• _Prompt_
Leave out every picture, and output exactly the lines from the line containing "Захарова: жители Европы" through the last line of the data.

----

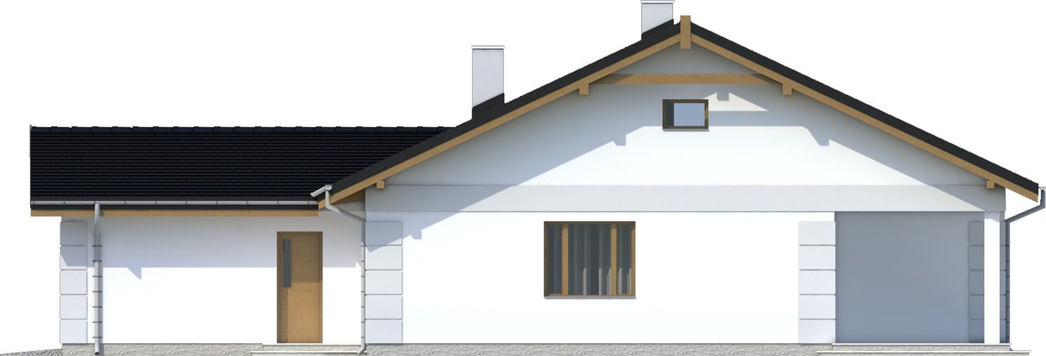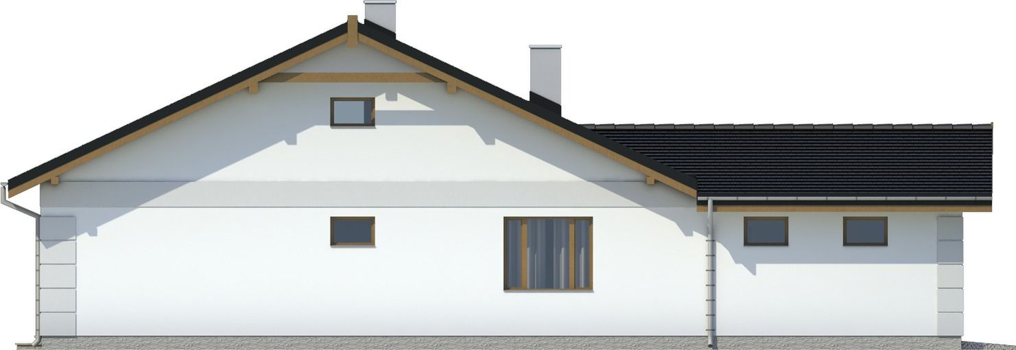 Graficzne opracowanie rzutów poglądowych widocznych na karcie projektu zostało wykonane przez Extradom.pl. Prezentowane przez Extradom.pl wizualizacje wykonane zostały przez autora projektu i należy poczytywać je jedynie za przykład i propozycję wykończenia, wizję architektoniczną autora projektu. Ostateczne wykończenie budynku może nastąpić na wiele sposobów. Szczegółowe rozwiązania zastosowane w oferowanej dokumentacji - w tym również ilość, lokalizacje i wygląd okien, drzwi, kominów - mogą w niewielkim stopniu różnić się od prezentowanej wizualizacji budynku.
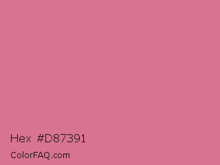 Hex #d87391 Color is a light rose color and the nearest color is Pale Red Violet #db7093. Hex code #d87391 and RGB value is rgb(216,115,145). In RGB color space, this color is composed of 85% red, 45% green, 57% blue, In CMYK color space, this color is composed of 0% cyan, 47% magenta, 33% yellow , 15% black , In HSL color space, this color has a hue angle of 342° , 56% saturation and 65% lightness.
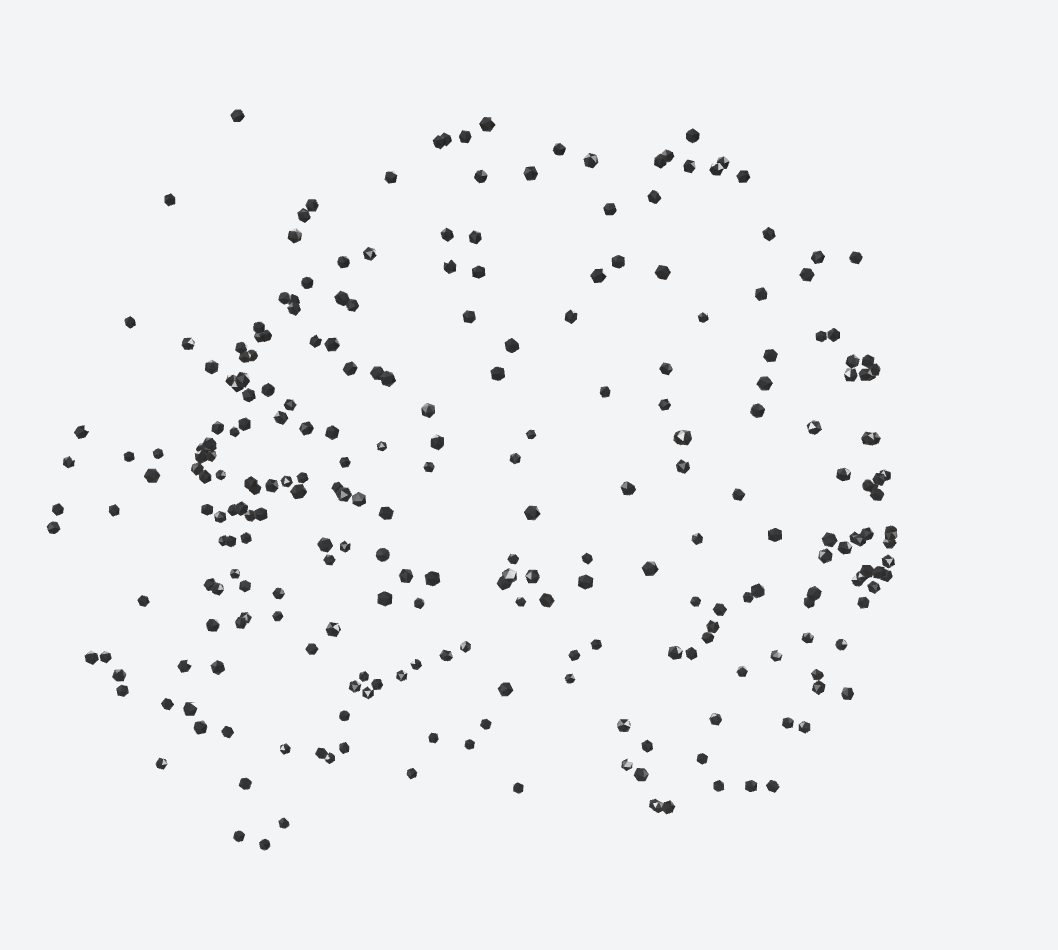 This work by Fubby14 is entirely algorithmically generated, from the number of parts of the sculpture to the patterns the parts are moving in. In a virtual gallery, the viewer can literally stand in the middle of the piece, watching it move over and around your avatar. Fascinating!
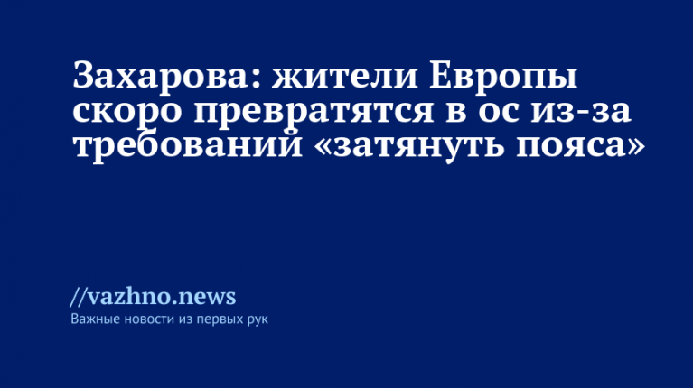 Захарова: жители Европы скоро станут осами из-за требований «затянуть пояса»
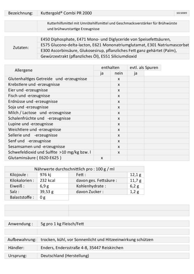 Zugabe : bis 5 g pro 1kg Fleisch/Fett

----

• _Result of the task_
 Захарова: жители Европы скоро станут осами из-за требований «затянуть пояса»
 Zugabe : bis 5 g pro 1kg Fleisch/Fett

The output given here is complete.